**Work task:** Upon reaching the line that contains "将排骨同放入锅中,放入木耳、银耳、葱、姜、八角。倒入热水盖上电饭锅" in the records below, begin repeating every line exactly through the last one, skipping pictures.

(Entries taken from a collection)
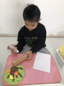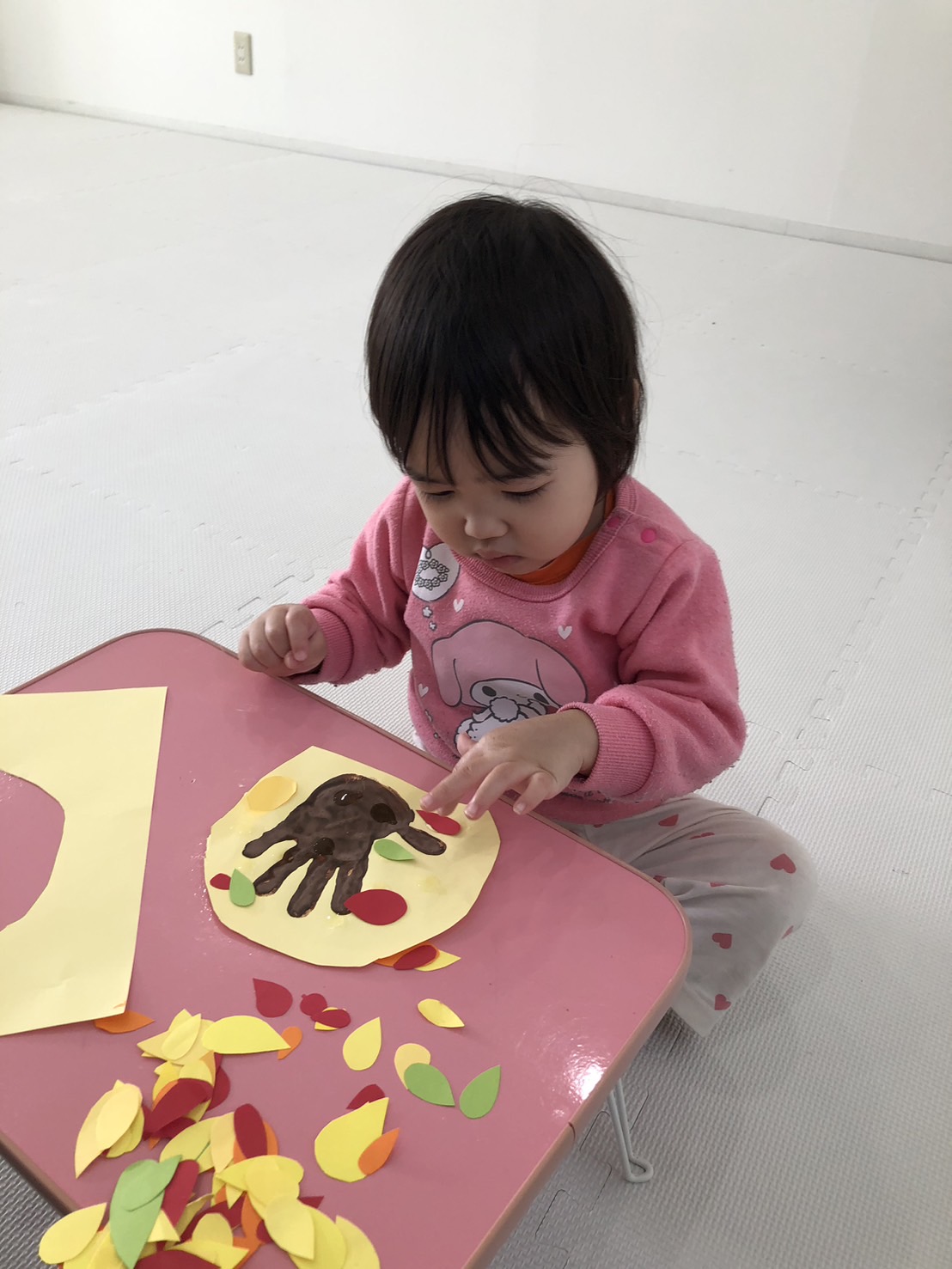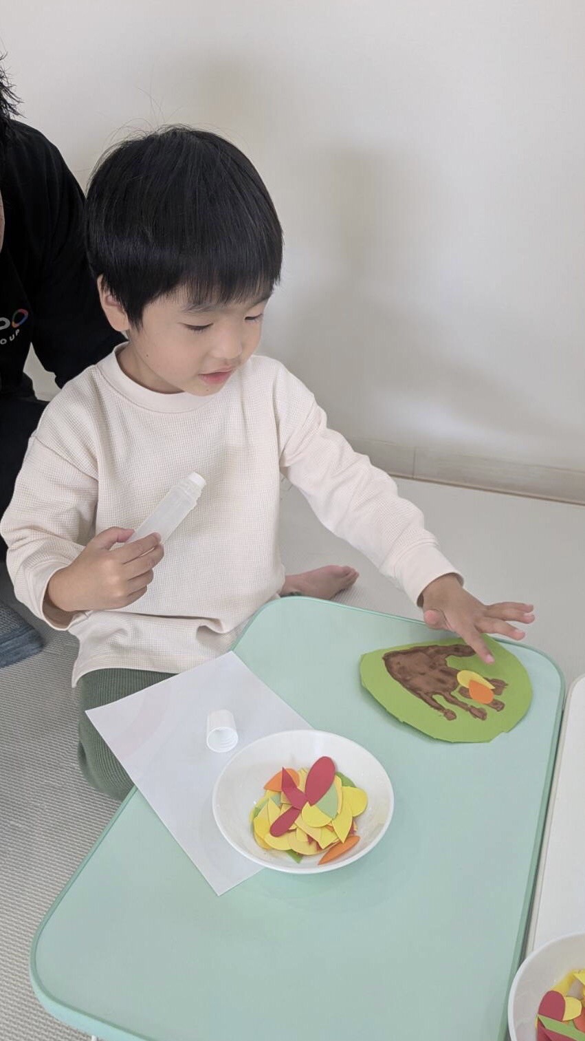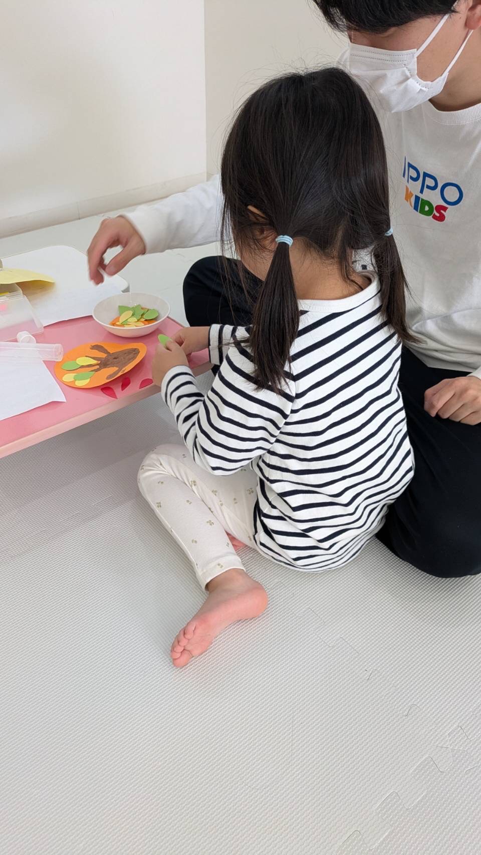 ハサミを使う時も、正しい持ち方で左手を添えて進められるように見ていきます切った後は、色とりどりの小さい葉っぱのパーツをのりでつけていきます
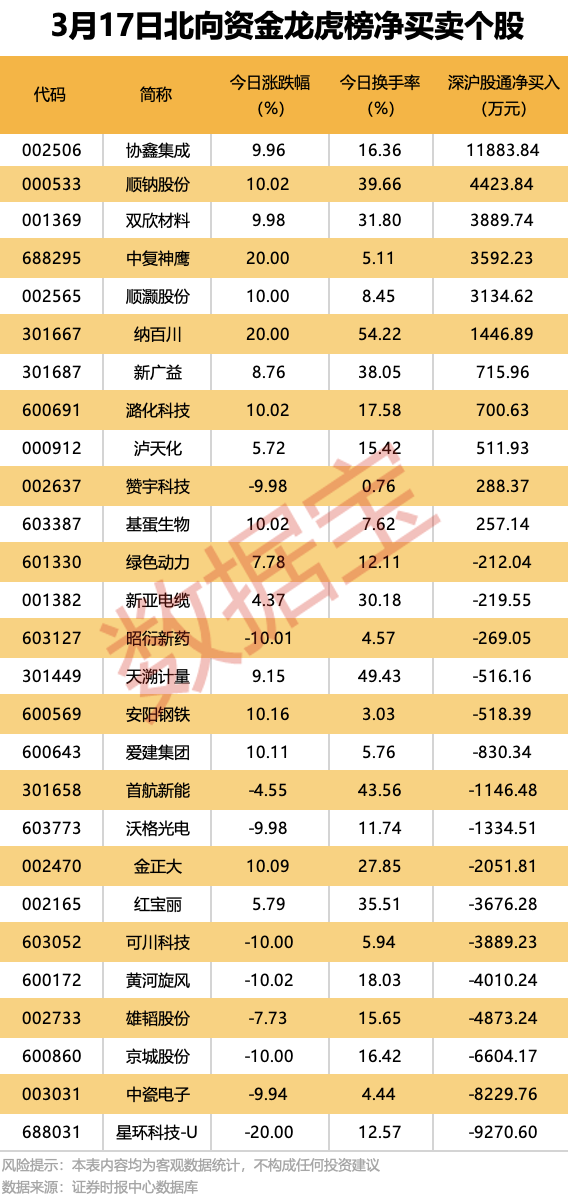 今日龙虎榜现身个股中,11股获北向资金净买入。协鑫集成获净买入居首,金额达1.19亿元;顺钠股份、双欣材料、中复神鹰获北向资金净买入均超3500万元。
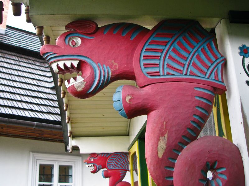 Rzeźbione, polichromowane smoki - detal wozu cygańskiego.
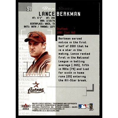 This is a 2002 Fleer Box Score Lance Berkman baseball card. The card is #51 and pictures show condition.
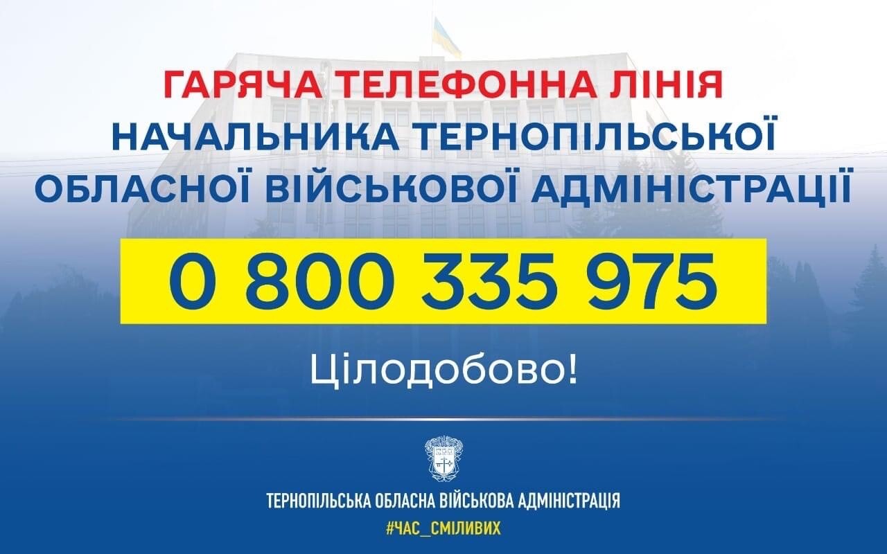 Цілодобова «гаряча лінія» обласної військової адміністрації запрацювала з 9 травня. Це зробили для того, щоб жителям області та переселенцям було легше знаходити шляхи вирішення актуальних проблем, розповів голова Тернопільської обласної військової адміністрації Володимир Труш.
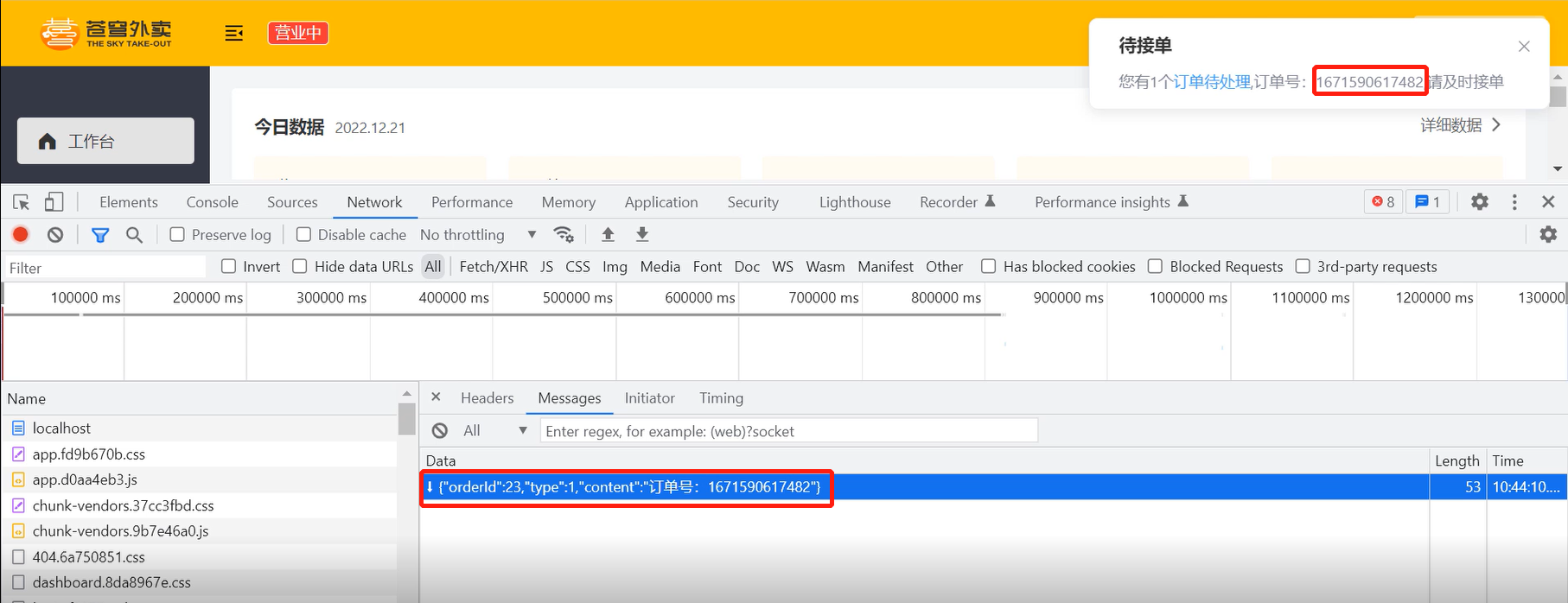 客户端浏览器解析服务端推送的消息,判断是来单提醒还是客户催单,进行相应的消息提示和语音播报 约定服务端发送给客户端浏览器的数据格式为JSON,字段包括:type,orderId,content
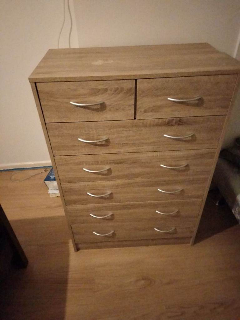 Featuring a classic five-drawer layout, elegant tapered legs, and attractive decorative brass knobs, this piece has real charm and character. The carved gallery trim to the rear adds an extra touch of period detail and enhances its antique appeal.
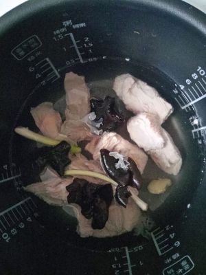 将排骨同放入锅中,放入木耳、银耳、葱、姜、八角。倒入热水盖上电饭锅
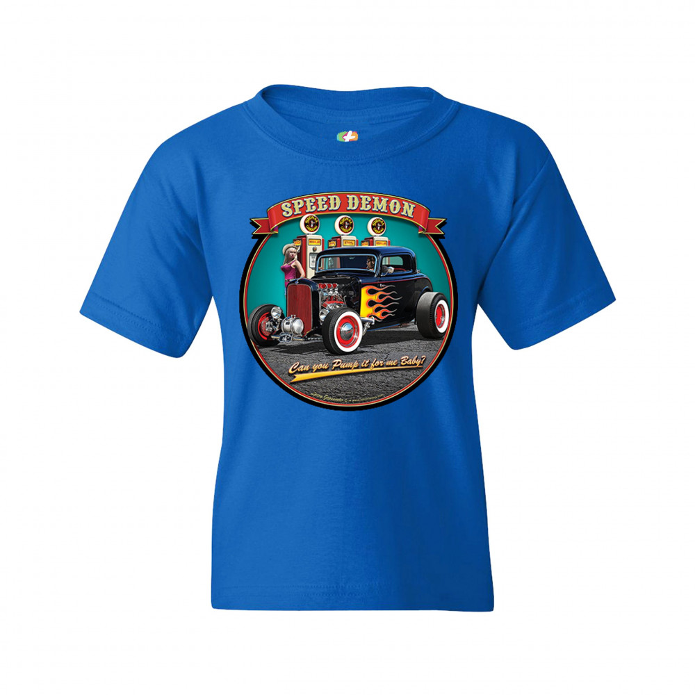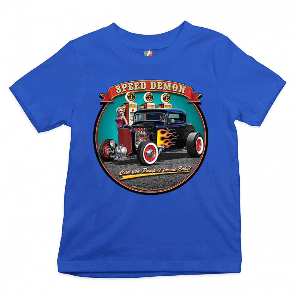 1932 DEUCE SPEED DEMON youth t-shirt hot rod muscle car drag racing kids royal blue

**Result below:**
 将排骨同放入锅中,放入木耳、银耳、葱、姜、八角。倒入热水盖上电饭锅
 1932 DEUCE SPEED DEMON youth t-shirt hot rod muscle car drag racing kids royal blue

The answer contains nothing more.